WHAT TO WORK ON. Every line below between the one holding "Capi de-strutturai e" and the one holding "¹ÚÁø¿ì)°¡ 11¿ù 23ÀÏ(¸ñ)", inclusive, should be copied exactly, and no other line.

GIVEN RECORDS.
_ _ _ _

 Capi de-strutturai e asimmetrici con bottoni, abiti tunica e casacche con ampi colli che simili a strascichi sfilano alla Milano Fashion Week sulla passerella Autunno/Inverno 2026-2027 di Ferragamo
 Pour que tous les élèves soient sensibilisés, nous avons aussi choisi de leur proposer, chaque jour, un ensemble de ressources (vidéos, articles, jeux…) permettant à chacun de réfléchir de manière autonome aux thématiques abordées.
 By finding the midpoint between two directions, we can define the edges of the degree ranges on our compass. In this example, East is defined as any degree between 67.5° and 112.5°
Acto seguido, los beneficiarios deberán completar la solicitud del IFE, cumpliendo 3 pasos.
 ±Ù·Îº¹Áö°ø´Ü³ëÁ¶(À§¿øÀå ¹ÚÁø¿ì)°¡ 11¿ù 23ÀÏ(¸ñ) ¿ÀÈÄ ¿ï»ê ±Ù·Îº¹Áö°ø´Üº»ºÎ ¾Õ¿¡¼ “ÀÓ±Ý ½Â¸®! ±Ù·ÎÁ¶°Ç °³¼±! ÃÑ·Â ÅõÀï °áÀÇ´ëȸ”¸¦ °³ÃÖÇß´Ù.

_ _ _ _

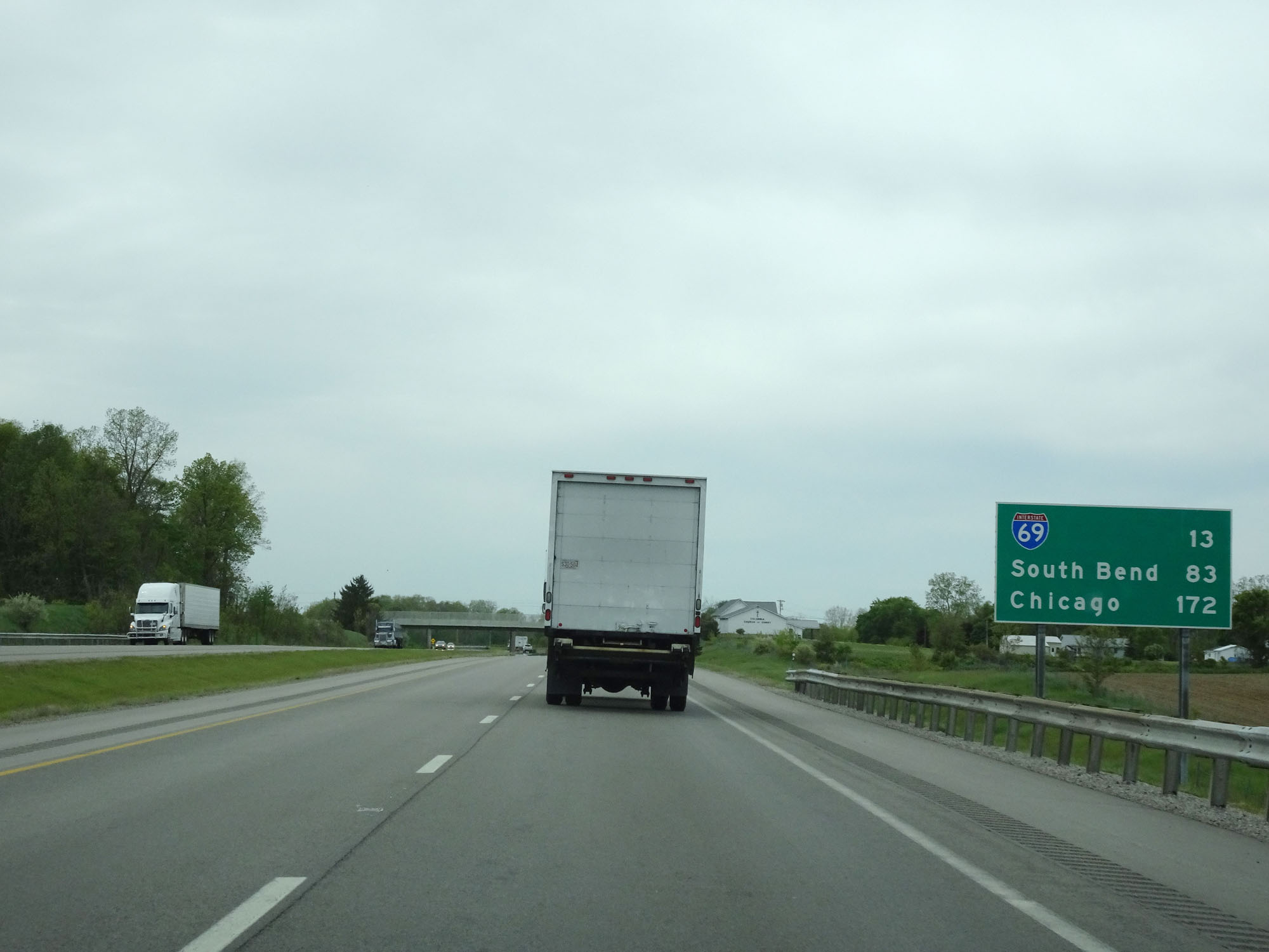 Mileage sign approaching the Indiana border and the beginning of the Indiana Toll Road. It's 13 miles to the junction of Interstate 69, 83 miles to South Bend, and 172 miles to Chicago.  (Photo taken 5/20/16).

_ _ _ _

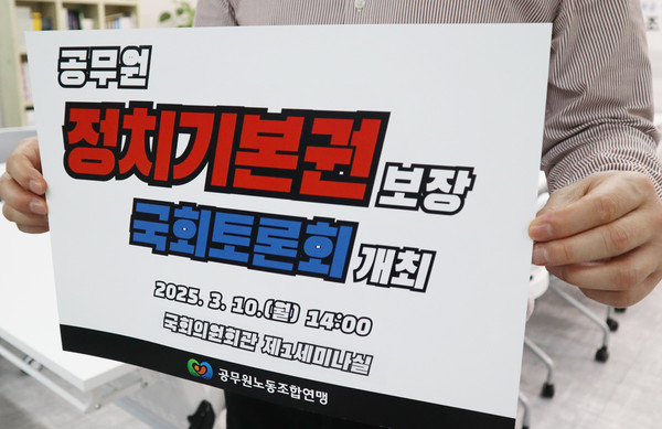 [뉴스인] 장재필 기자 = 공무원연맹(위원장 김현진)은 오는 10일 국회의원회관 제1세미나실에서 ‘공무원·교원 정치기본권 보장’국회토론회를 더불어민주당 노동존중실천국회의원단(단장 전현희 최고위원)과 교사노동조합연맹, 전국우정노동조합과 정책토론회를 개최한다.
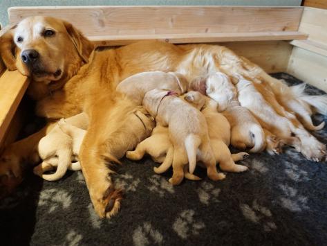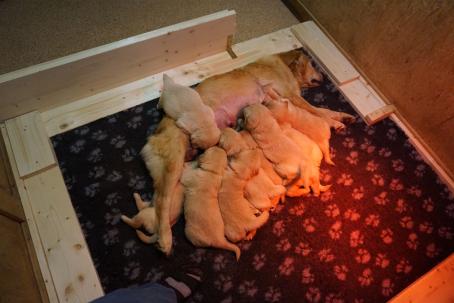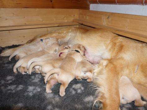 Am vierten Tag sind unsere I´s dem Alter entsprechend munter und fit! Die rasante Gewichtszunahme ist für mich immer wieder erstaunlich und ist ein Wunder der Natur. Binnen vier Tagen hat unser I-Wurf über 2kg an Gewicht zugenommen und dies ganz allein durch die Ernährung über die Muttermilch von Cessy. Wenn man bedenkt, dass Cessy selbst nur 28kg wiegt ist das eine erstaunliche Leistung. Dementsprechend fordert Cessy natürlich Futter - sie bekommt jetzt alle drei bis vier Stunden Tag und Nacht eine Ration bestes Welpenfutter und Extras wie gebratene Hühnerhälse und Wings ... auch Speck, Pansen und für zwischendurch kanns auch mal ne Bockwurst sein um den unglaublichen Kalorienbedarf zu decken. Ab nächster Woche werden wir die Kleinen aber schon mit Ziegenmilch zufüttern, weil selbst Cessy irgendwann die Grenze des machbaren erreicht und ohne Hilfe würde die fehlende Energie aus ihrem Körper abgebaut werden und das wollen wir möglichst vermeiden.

_ _ _ _

RESULT.
 Capi de-strutturai e asimmetrici con bottoni, abiti tunica e casacche con ampi colli che simili a strascichi sfilano alla Milano Fashion Week sulla passerella Autunno/Inverno 2026-2027 di Ferragamo
 Pour que tous les élèves soient sensibilisés, nous avons aussi choisi de leur proposer, chaque jour, un ensemble de ressources (vidéos, articles, jeux…) permettant à chacun de réfléchir de manière autonome aux thématiques abordées.
 By finding the midpoint between two directions, we can define the edges of the degree ranges on our compass. In this example, East is defined as any degree between 67.5° and 112.5°
Acto seguido, los beneficiarios deberán completar la solicitud del IFE, cumpliendo 3 pasos.
 ±Ù·Îº¹Áö°ø´Ü³ëÁ¶(À§¿øÀå ¹ÚÁø¿ì)°¡ 11¿ù 23ÀÏ(¸ñ) ¿ÀÈÄ ¿ï»ê ±Ù·Îº¹Áö°ø´Üº»ºÎ ¾Õ¿¡¼ “ÀÓ±Ý ½Â¸®! ±Ù·ÎÁ¶°Ç °³¼±! ÃÑ·Â ÅõÀï °áÀÇ´ëȸ”¸¦ °³ÃÖÇß´Ù.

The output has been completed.